3. `--output-dir` is the dir to save the training results.if there are checkpoints in `checkpoints/` of `--output-dir` , it's defalut to reload the newest checkpoint to train)
4. `--device` and `--nprocs` determine operation modes`--device` specifies the type of running device, whether to run on `cpu` or `gpu`. `--nprocs` refers to the number of training processes. If `nprocs` > 1, it means that multi process parallel training is used. (Note: currently only GPU multi card multi process training is supported.)

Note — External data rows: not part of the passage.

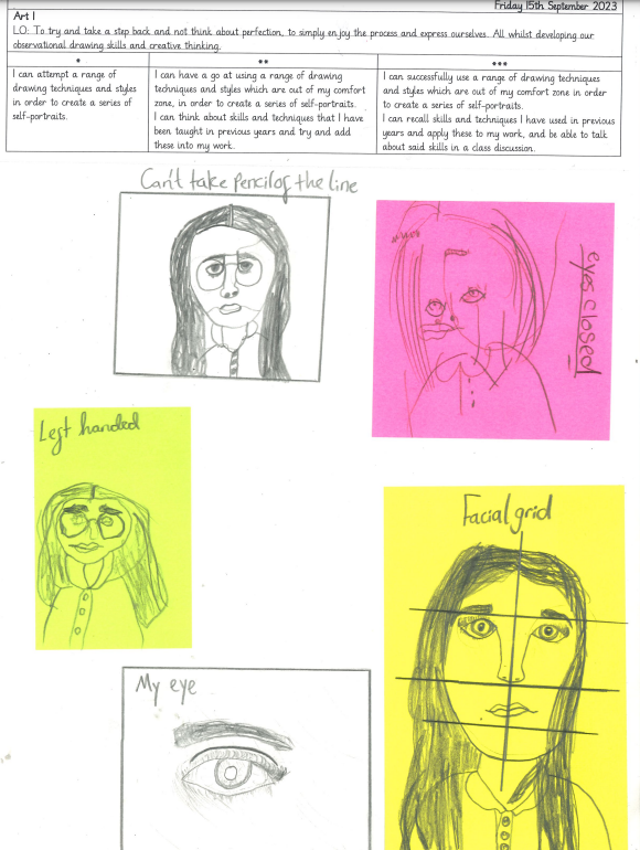 Class 6 started this academic year with two brilliant art days with Mrs Dyminski. We practiced a range of techniques involving how to draw self-portraits. We also worked on our tonal layering skills and researched Chuck Close. Have a look at our artwork below: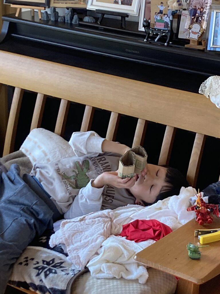 やっと熱が下がって2日が経過しました。今日は一足先にママが滋賀に戻りました。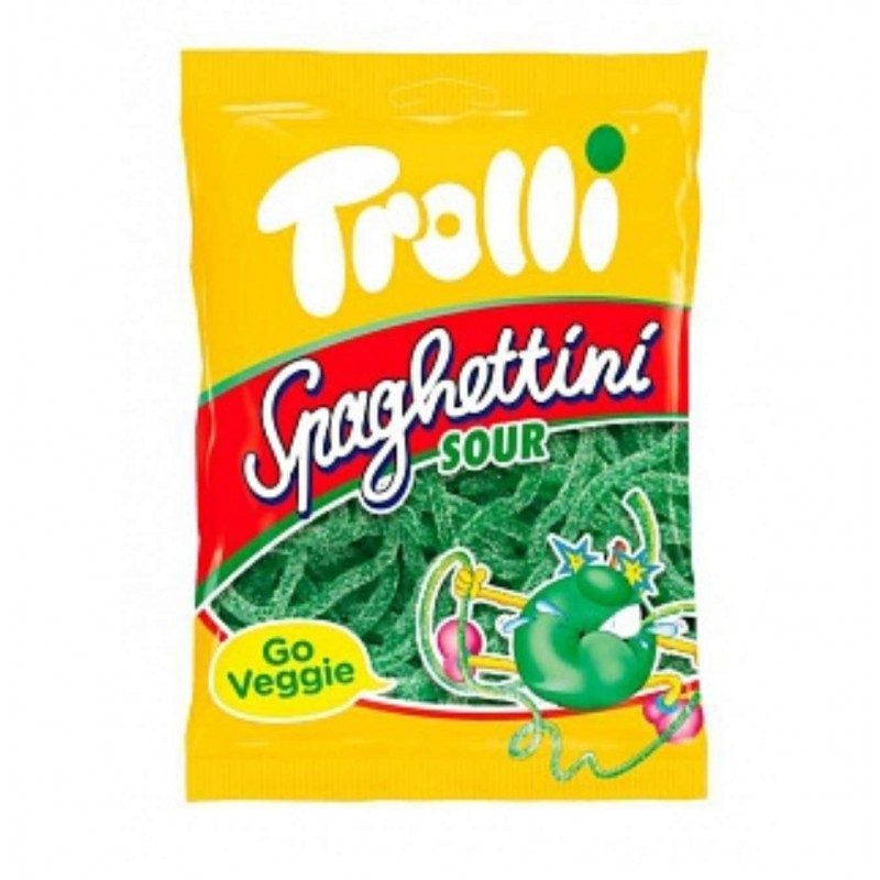 Divertimento frizzante dei Trolli Spaghettini Sour Apple: deliziosi fili gommosi al gusto di mela verde, dal mix perfetto di dolcezza e acidità.

Developers can refer to the examples in `examples` to write the default configuration file when adding new experiments.
## PaddleSpeech TTS's Experiment template
The experimental codes in PaddleSpeech TTS are generally organized as follows:
```text
.
├── README.md (help information)
├── conf
│ └── default.yaml (defalut config)
├── local
│ ├── preprocess.sh (script to call data preprocessing.py)
│ ├── synthesize.sh (script to call synthesis.py)
│ ├── synthesize_e2e.sh (script to call synthesis_e2e.py)
│ └──train.sh (script to call train.py)
├── path.sh (script include paths to be sourced)
└── run.sh (script to call scripts in local)
```
The `*.py` files called by above `*.sh` are located `${BIN_DIR}/`
We add a named argument. `--output-dir` to each training script to specify the output directory. The directory structure is as follows, It's best for developers to follow this specification:
```text
exp/default/
├── checkpoints/
│ ├── records.jsonl (record file)
│ └── snapshot_iter_*.pdz (checkpoint files)
├── config.yaml (config fille of this experiment)
├── vdlrecords.*.log (visualdl record file)
├── worker_*.log (text logging, one file per process)
├── validation/ (output dir during training, information_iter_*/ is the output of each step, if necessary)
├── inference/ (output dir of exported static graph model, which is only used in the final stage of training, if implemented)
└── test/ (output dir of synthesis results)
```
You can view the examples we provide in `examples`. These experiments are provided to users as examples which can be run directly. Users are welcome to add new models and experiments and contribute code to PaddleSpeech.